The Grand National Assembly of Turkey (Türkiye Büyük Millet Meclisi) has 550 members, elected for a four-year term (five years before the 2007 referendum) by a system based on closed list proportional representation according to the D'Hondt method. To participate in the distribution of seats, a party must obtain at least 10% of the votes cast at the national level (the highest electoral threshold in any proportional system in the world) as well as a percentage of votes in the contested district according to a complex formula and votes for parties not seated are redistributed to the party that won the most votes. Independent candidates who receive more than 10% of the votes cast in a province are also seated and in the 2007 and 2011 elections members of the Democratic Society/Peace and Democracy Party evaded the threshold by running as independents and winning about 5% of the seats.
The president was elected for a seven-year term by the parliament prior to the 2007 constitutional changes, and will be elected for at most two consecutive five-year terms in the future.

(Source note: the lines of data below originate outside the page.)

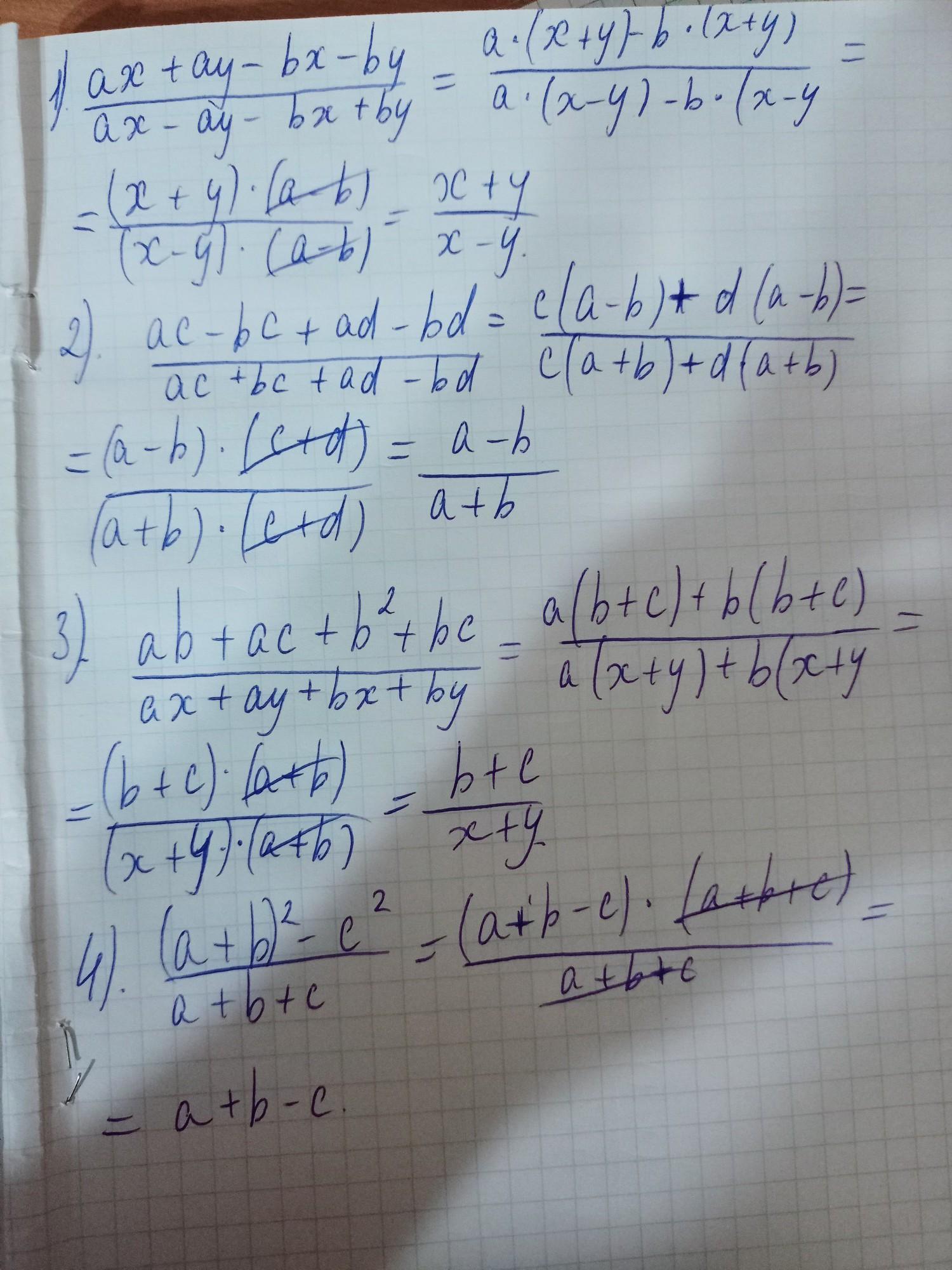 6.23. Сократите дробь: ax + ay-bx-by ax-ay-bx + by ; 1) 2) ac - bc + ad - bd ; ac + bc + ad + bd 3) Me 4) ab + ac + b² + bc ax + ay+bx+by 2 (a + b)² - c² a+b+c ;
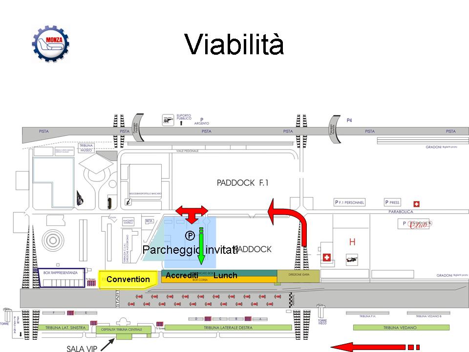 ATTENZIONE: Per visualizzare il percorso da seguire all’interno dell’Autodromo per raggiungere i parcheggi e la sala convegni è possibile fare clic Qui.
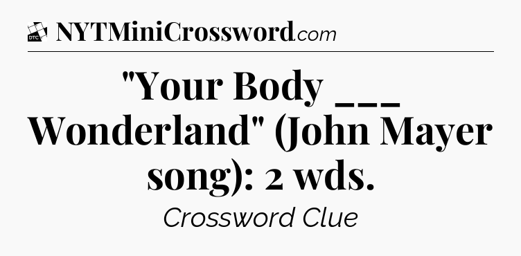 The clue “”Your Body ___ Wonderland” (John Mayer song): 2 wds” most recently appeared in a Daily Themed Classic Crossword on October 10, 2025.
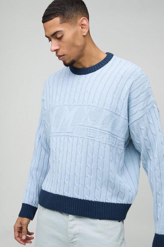 Oversized Boxy Tonal Cable Knitted Jumper
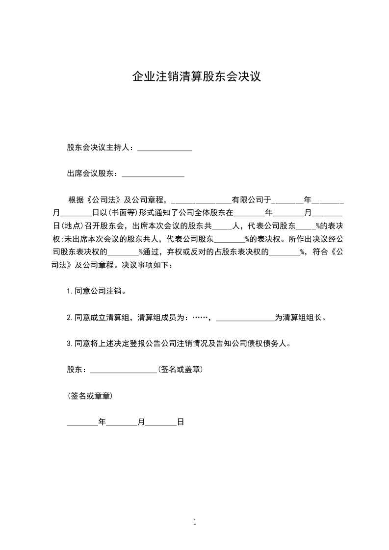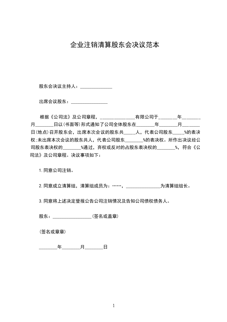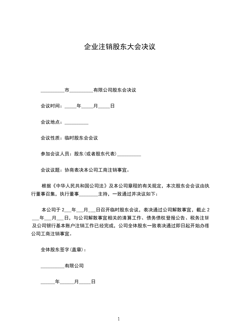 本公司于2___年___月___日召开临时股东会议,表决通过公司解散事宜,截止2___年___月___日,与公司解散事宜相关的清算工作、债务债权登报公告、税务注销及公司银行基本账户注销工作已经完成,公司全体股东一致表决通过即日起开始办理公司工商注销事宜。

Turkey has a multi-party system, with two or three strong parties and often a fourth party that is electorally successful. Since 1950, parliamentary politics has been dominated by conservative parties. Even the ruling Justice and Development Party (AKP) tends to identify itself with the "tradition" of Democrat Party (DP). The leftist parties, most notable of which is the Republican People's Party (CHP) draw much of their support from big cities, coastal regions, professional middle-class, civil service, military officers, and the religious minority of Alevi.